Once you find the line with "c) Su velocidad" in the data below, transcribe exactly each line from there to the line with "This image of", inclusive, and nothing else. Drop the pictures.
Excerpted records section start
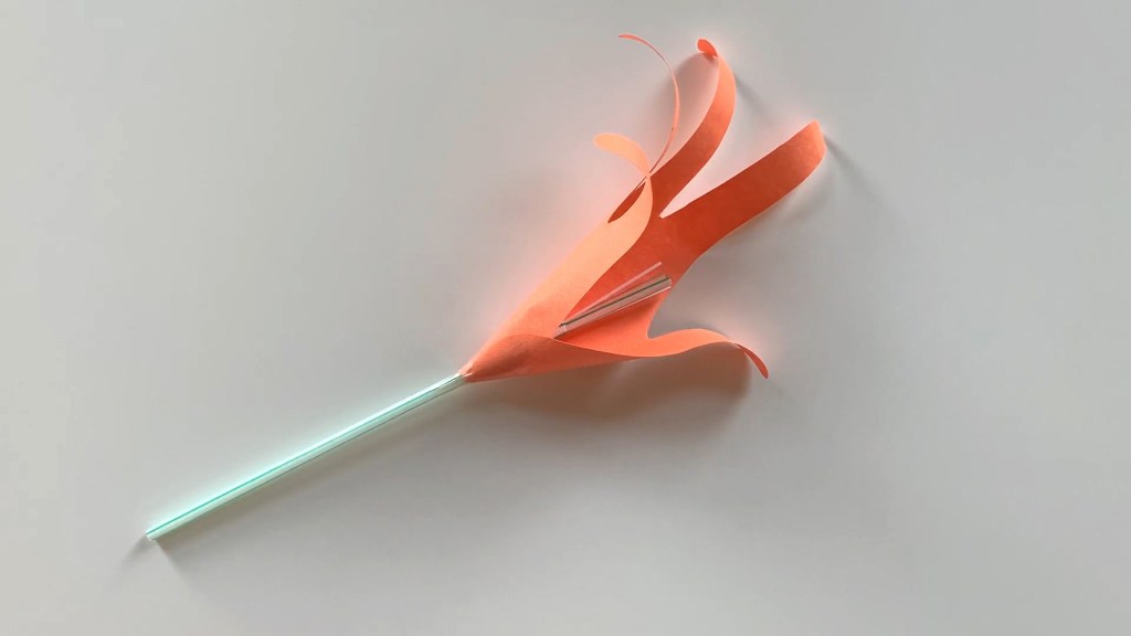 Handprint Flower The Supplies You Will Need pencil / scissors / straws / adhesive tape / construction paper Let’s Make A Handprint Flower! First, trace the outline of your hand with a pencil onto a piece of construction paper. Then cut out the handprint with scissors. Roll the bottom of the hand shape into a cone-like shape. Leave a small hole at the end of the cone for the straw to go through. Tape it to hold them together. Using the side of the pencil, curl the paper fingers outward one by one to form a petal shape. A round pencil is perfect for it. Look! The handprint turns into a flower. Now, let’s make the stem of the flower! Take a straw. Cut the end of the straw into several parts with scissors to make it look a stamen shape. Then insert the bottom of the straw into the hole of the paper flower and pass it through. Position the stamen part of the straw so it can be seen properly. Tape them to hold it together. Great! Make as many as you want. Tie them together with a ribbon to make a bouquet. Wouldn’t it be nice to give to someone as a present? Watch The Video Tutorial Here! Share this: Click to share on Pinterest (Opens in new window) Pinterest
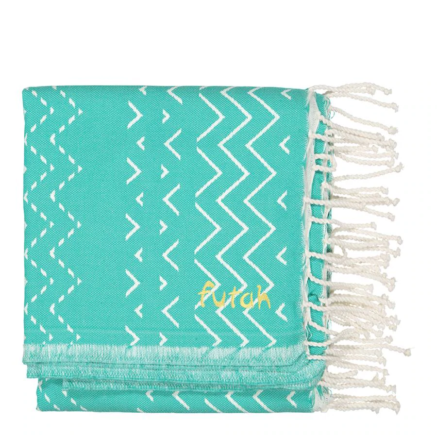 Double beach towel with seamless zigzag pattern and fringes. Light-weight, resistant and super absorptive. Using the highest weaving quality and 100% cotton, the Futah towels are light, absorbent, and resistant, perfect for hot days and cool nights or a throw blanket to style your couch.
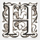 Este capital "H" se fija sobre un fondo de hojas y de volutas. En el centro de la letra hay un diseño de la flor de lis. En esta versión el monograma es un color marrón.
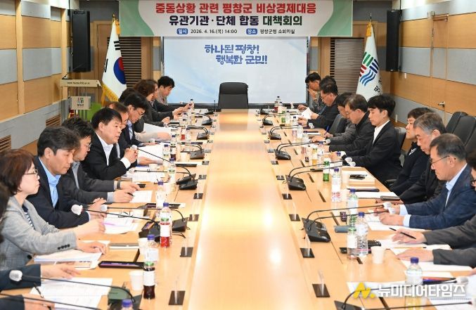 평창군은 16일 2시 중동 정세와 관련해 비상경제대응 TF 단장인 임성원 부군수 주재로 관계 기관, 경제단체, 수출입 기업 등이 참여하는 합동 대책 회의를 개최하고 대응 방안을 논의했다.
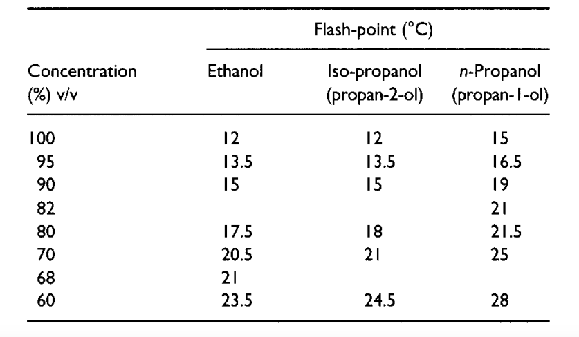 In order to get an insight of the potential fire risk that flammable liquids and low-melting substances can pose, we need to look at the flashpoint temperature of the substance in question. This flashpoint is defined as “the minimum temperature at which a flammable substance can be ignited by an open flame”5. In Table 1, we can see the flashpoints of ethanol and propanols. As we can appreciate, the flashpoint is dependent of the active substance’s concentration: the higher the concentration, the lower the flashpoint.
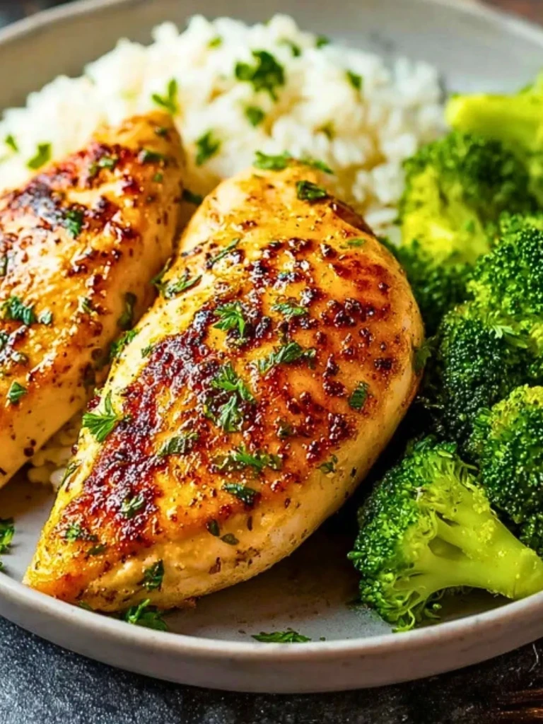 Juicy, tender, and packed with herbed garlic flavor, this baked chicken breast is finished with a golden broil and perfect for weeknight dinners or meal prep.
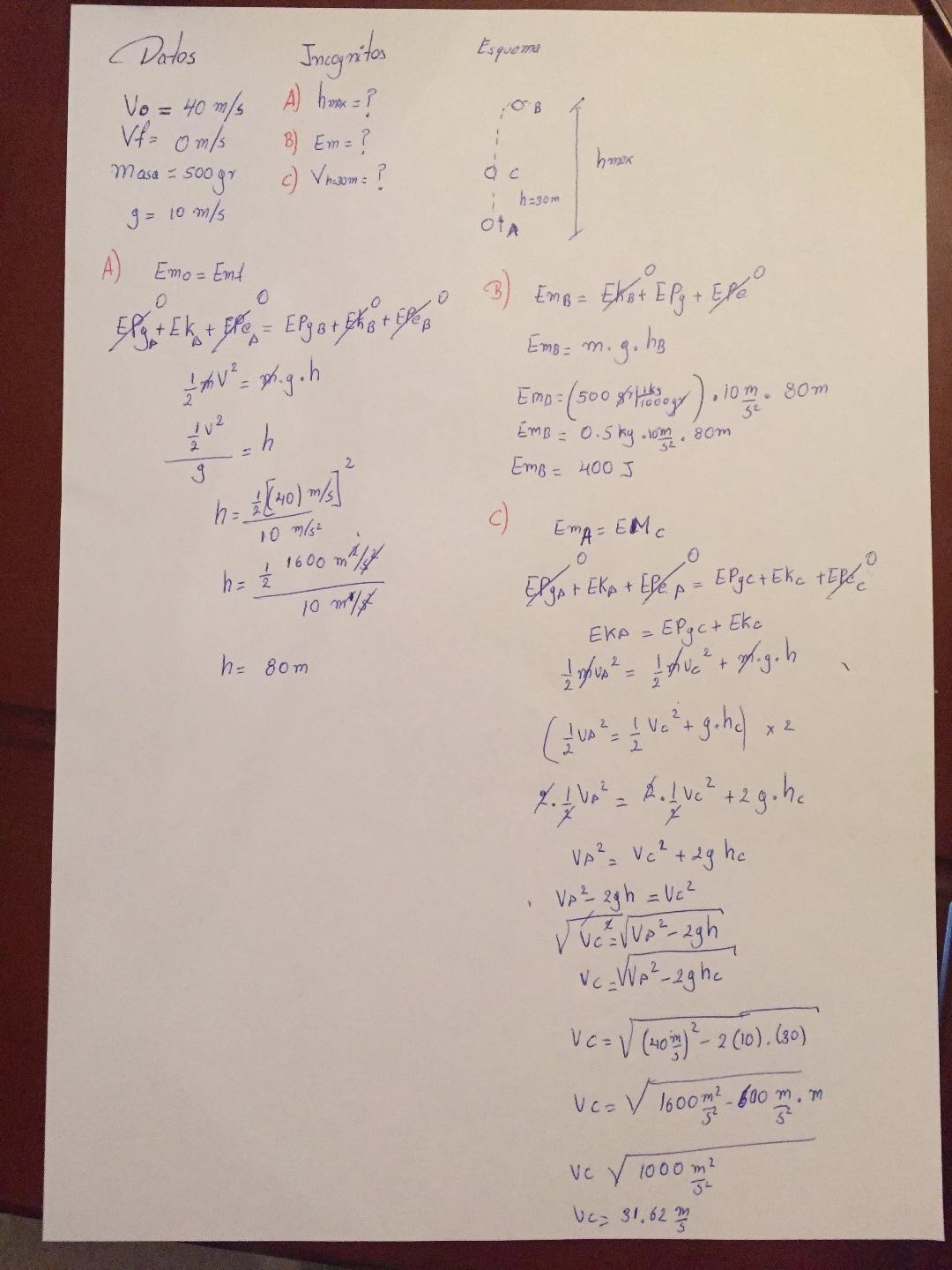 c) Su velocidad cuando está a altura 30 metros.
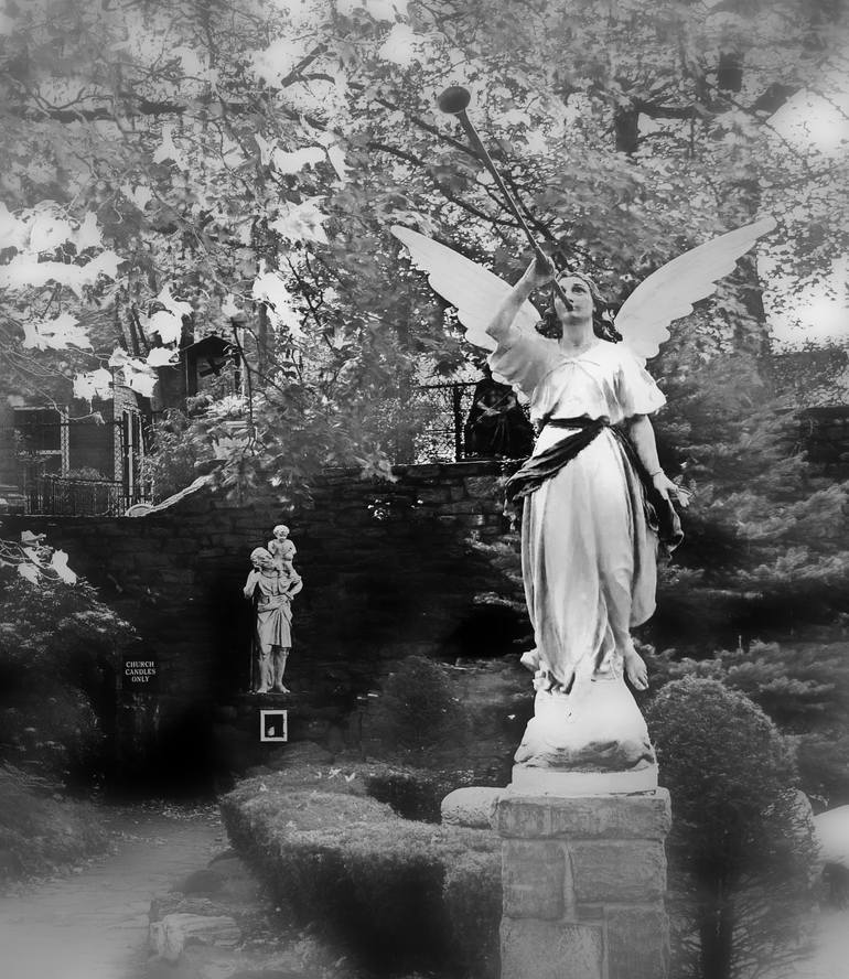 This image of an angel is a statue that is on the grounds of St. Lucy's Church grotto in Bronx, NY. These statues and the grotto existed from my childhood growing up in the Bronx.
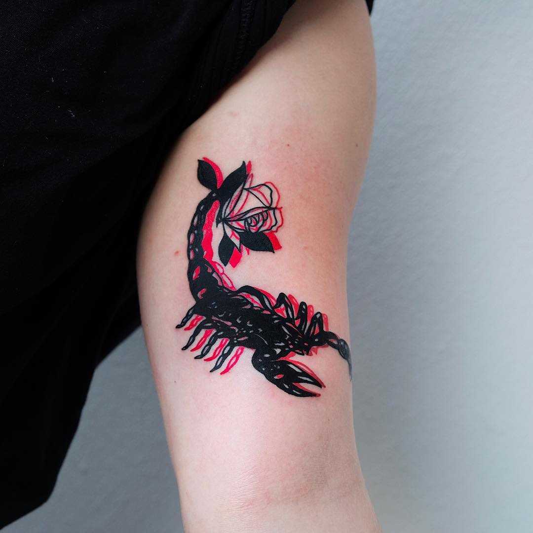 Треш-полька Еще один замечательный стиль для мужских татуировок. Он яркий, контрастный, насыщенный и дерзкий. Характерен сочетанием двух цветов — красного и черного. Изображения дополняются мазками, пятнами, точками, неаккуратными мазками, которые сделаны будто случайно. Для девушек такой стиль может быть грубоват, особенно, если речь идет об изображения скорпиона. А вот представителям сильной половины человечества эта татуировка будет как нельзя кстати.
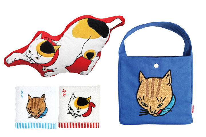 左上:ぬいぐるみ みけ 右:猫ミニバッグ とら 左下:ハンドタオル とら/みけ <京東都>(イーストヤード4階) ※通年販売商品 獲物を狙う三毛猫の「みけ」と赤い舌をぺろりと出す「とら」の猫グッズ。刺繍がかわいいワンハンドルのミニバッグは、お弁当を入れるランチバッグや、サブバッグとしてもオススメです。
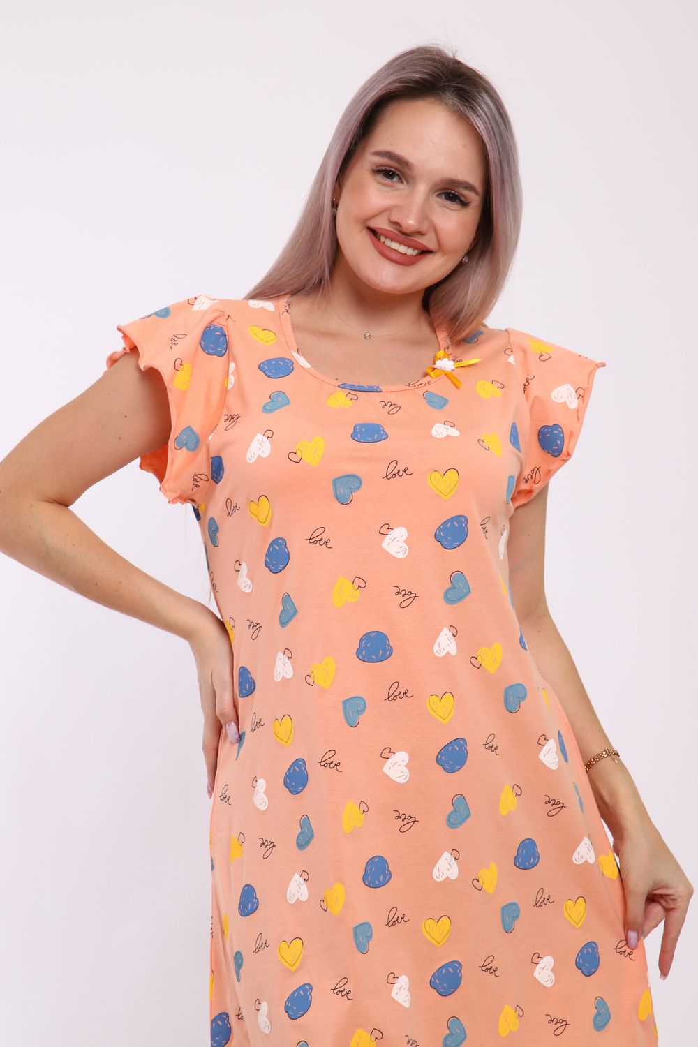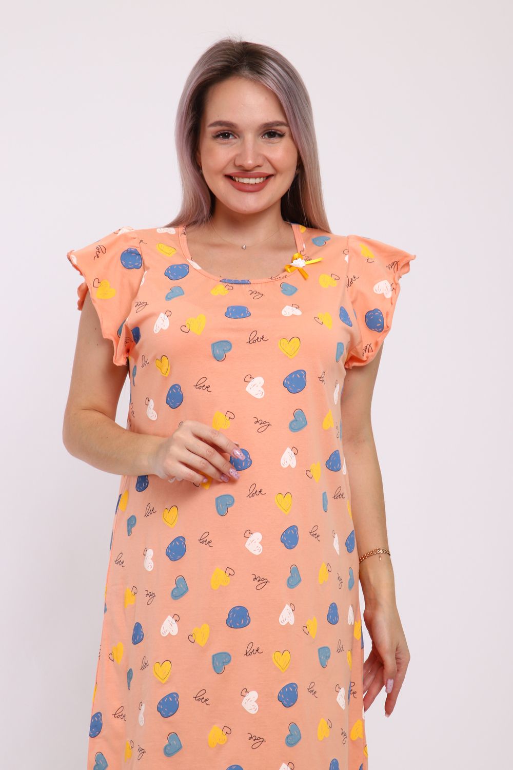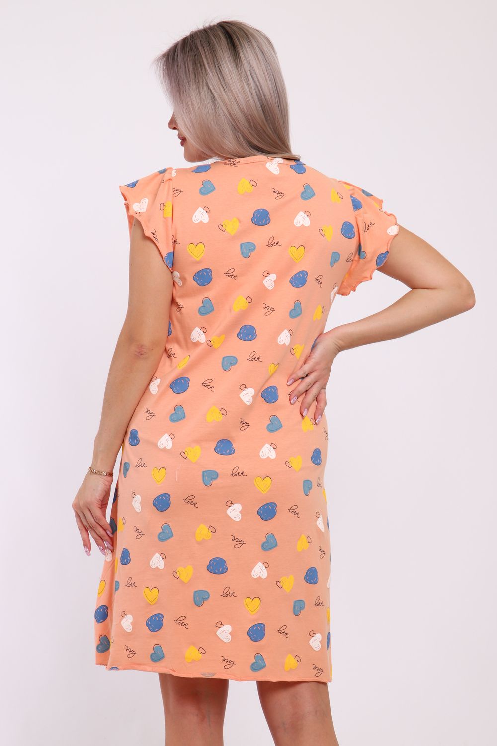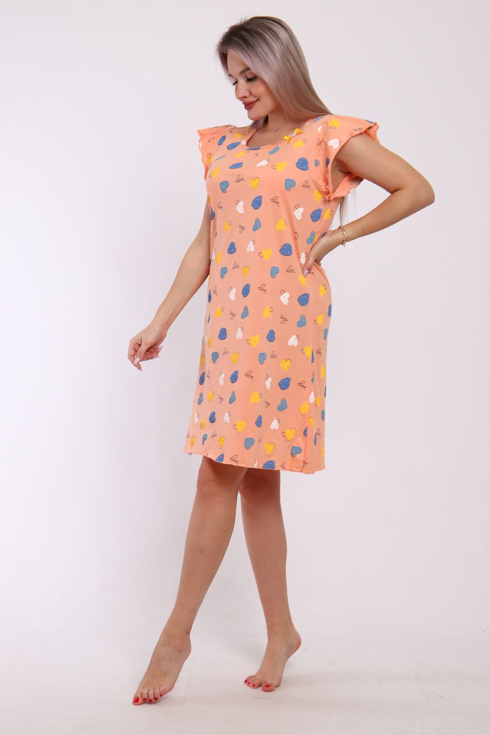 Сорочка женская прямого кроя. Рукав и низ обработан краевка.
Excerpted records section end
» **The answer**
 c) Su velocidad cuando está a altura 30 metros.
 This image of an angel is a statue that is on the grounds of St. Lucy's Church grotto in Bronx, NY. These statues and the grotto existed from my childhood growing up in the Bronx.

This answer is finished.